Before Polybius ceased speaking, Scipio, grasping his right hand in both his own and pressing it warmly, said: "Would I could see the day on which you, regarding nothing else as of higher importance, would devote your attention to me and join your life with mine; for then I shall at once feel myself to be worthy of my house and my forefathers." Polybius was on the one hand very happy to see the enthusiasm and affection of the young man, yet was embarrassed when he reflected on the high position of the family and the weather of its members. However, after this mutual explanation the young man never left his side, and preferred his society to anything else. From that time onwards continuing in the actual conduct of life to give proof to each other of their worth, they came to regard each other with an affection like that of familial love or something like it.

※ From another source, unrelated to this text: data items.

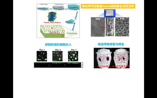 在结构/组成上具备各向异性的生物材料,可以提供更为丰富的功能,在医学领域的需求越来越大。生理性修复和再生需要调动周围健康细胞的再生达到修复,最后完全恢复机体组织原有的结构和功能。这一过程周期较长,往往被附近其它组织的快速增生和竞争性占位所干扰而失去再生的空间。在临床口腔及颌面外科的骨缺损治疗中,除了骨再生问题外,周围由纤维细胞快速增生引起的软组织竞争性占位问题也是临床常见问题。研究团队针对此临床问题,利用电化学手段可控构建了一种各向异性的Janus结构复合活性支架。通过材料表面拓扑结构差异化调控细胞行为,实现屏蔽软组织长入,同时诱导骨再生的双重活性功能。
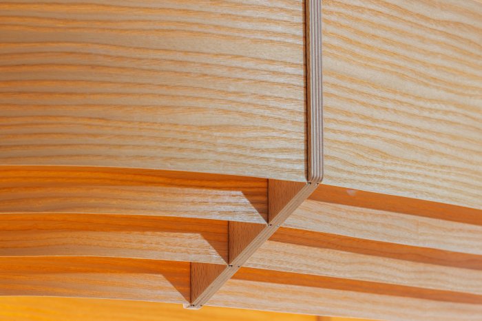 Lampa wykonana jest z naturalnego drewna (sklejka bukowa lub jesion), co nadaje jej autentyczności i szlachetności. Z czasem barwa drewna może ulegać delikatnym zmianom, co jest naturalną cechą materiału. Aby zachować jej piękno, należy chronić lampę przed zmianami wilgotności oraz bezpośrednim działaniem promieni słonecznych.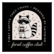 Funny racoon lovers feral coffee club powered by caffeine sarcastic quotes first coffee then chaos. Cool weird wild animal retro vintage whimsical aesthetic girl gifts living room kitchen home decor black poster print.
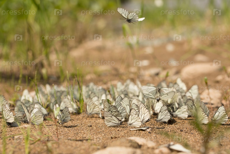 Большая флуоресцентная бабочка апория боярышница лат. Aporia crataegi . скопление бабочек на влажной почве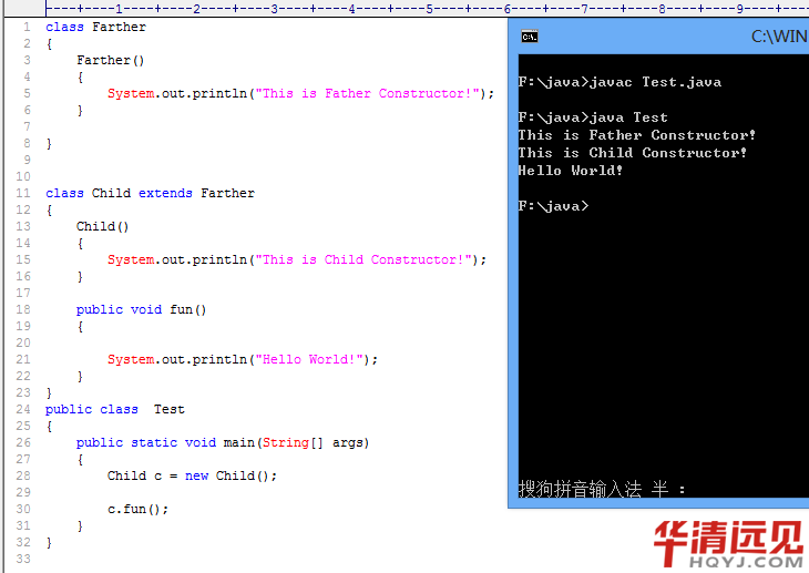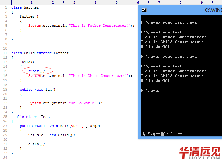 我們知道,使用new操作符,我們會(huì)調(diào)用類中相應(yīng)的構(gòu)造器,所以,在執(zhí)行"Child c = new Child(); "這條語句時(shí),我們應(yīng)該去調(diào)用子類中無參的構(gòu)造器,但是在子類Child中貌似沒有構(gòu)造器。這時(shí)大家要注意了,其實(shí)我們每個(gè)類中,實(shí)際上是有一個(gè)無參的構(gòu)造器的。但是,如果程序員自定義了構(gòu)造器,這時(shí)我們只能使用自己的構(gòu)造器。所以,這時(shí)也不難理解,為什么我們new子類實(shí)例,是沒有報(bào)錯(cuò)的了!所以,我們添上一個(gè)無參構(gòu)造器,結(jié)果也是一樣的。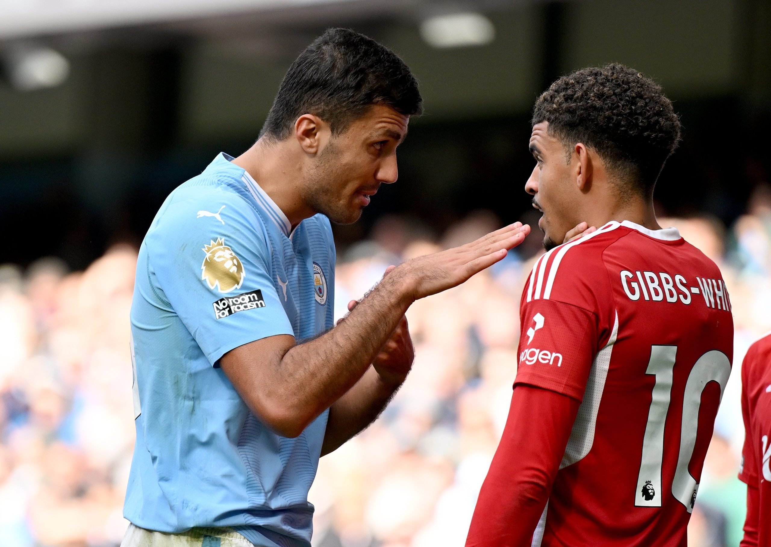 ودخل رودري في شجار قوي مع جيبس وايت في إحدى الكرات المشتركة مع بداية الشوط الثاني، ليقوم نجم السيتي بالاعتداء على لاعب نوتنجهام فورست بدون كرة.
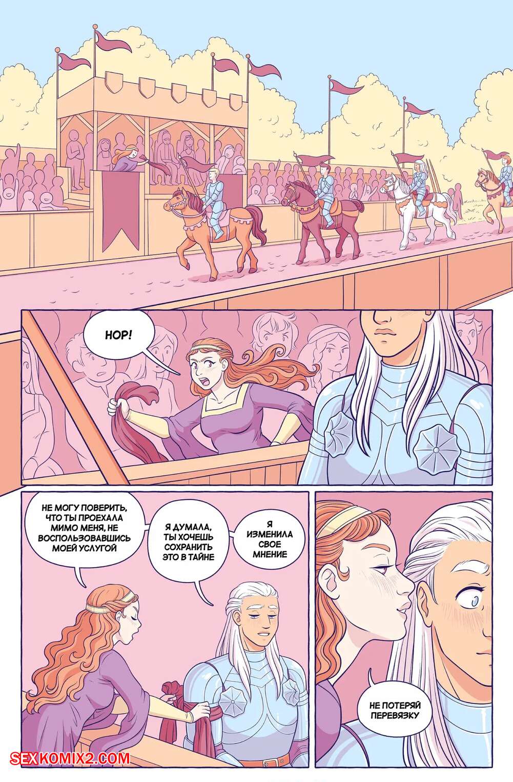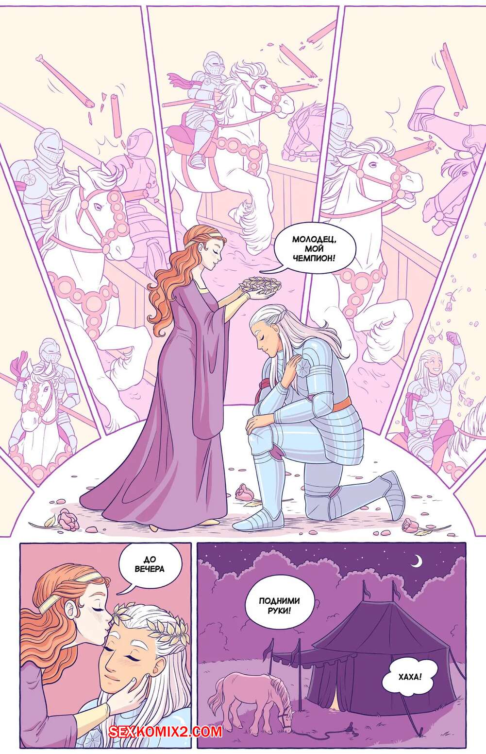 Порно комикс Турнир. The Joust. Oh Joy Sex Toy. Ray Starshine. Две девушки решили отпраздновать победу в турнире блондиночки рыцаря. Ночью девушки уединились в палатке и стали ласкать друг дружку, после чего занялись лесбийской еблей с использованием страпона.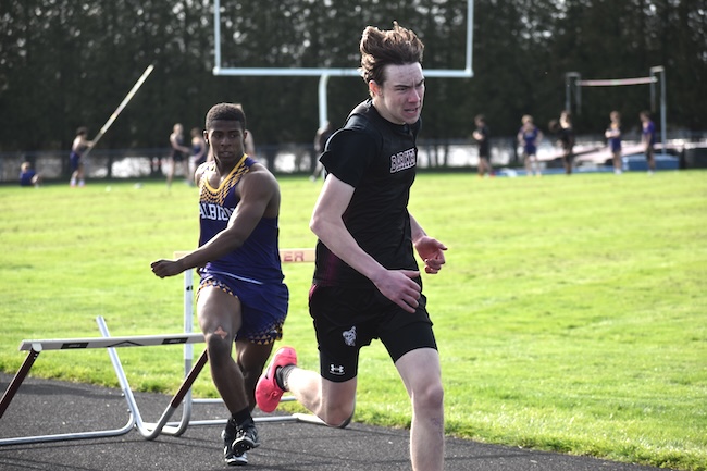 Blake Carnes of Barker took first place in the 400 meter hurdles today, edging Jaxon Lynch of Albion who was second.

Familial love? No. Boyfriends. Totally boyfriends.
My major pretty much brings the slash to the door, even when it says it doesn't.
Aaaaaand to finish this off, point one: since I am going out to the adult world and looking for jobs in teaching this spring, this winter is my last hurrah for things like hair dye. (I think it's silly that teachers can't dye their hair fun colors, but I see why we're not supposed to do it?) Thus, I put some new streaks in my hair this weekend--gold and blue, to be exact, in just one streak on the left side of my head. When my hair's down, the hair falls together and looks sorta green, which is cool 'cause that's my favorite color. Then, when I pull it back, the blue and gold arranges itself more intro stripes. It's a blue like my college lantern, which makes everything even better.
Point two: I found a new dress at H&M for twenty bucks yesterday, which falls into that category of "things I would never expect to own and wear but which are nevertheless oddly me." This dress is strapless, dark purple with a black lace overly, corseted top, high waist, and roughly knee-length full skirt with black tulle-ish bits underneath. I can actually pair it with a lot of looks, and, well, it's really cute. Really cute. In fact, it's hotter than about anything else that I own, so I'm a bit intimidated by it. I am not supposed to have hot clothes! I am not supposed to be hot, either! I am supposed to be grumping around in jeans, boots, and long-sleeved Shakespeare shirts, amirite?
I'm still wondering how I managed to get it for 20 bucks, though I'm certainly not complaining about that much. Thanks, motherland, for pulling through on occasion.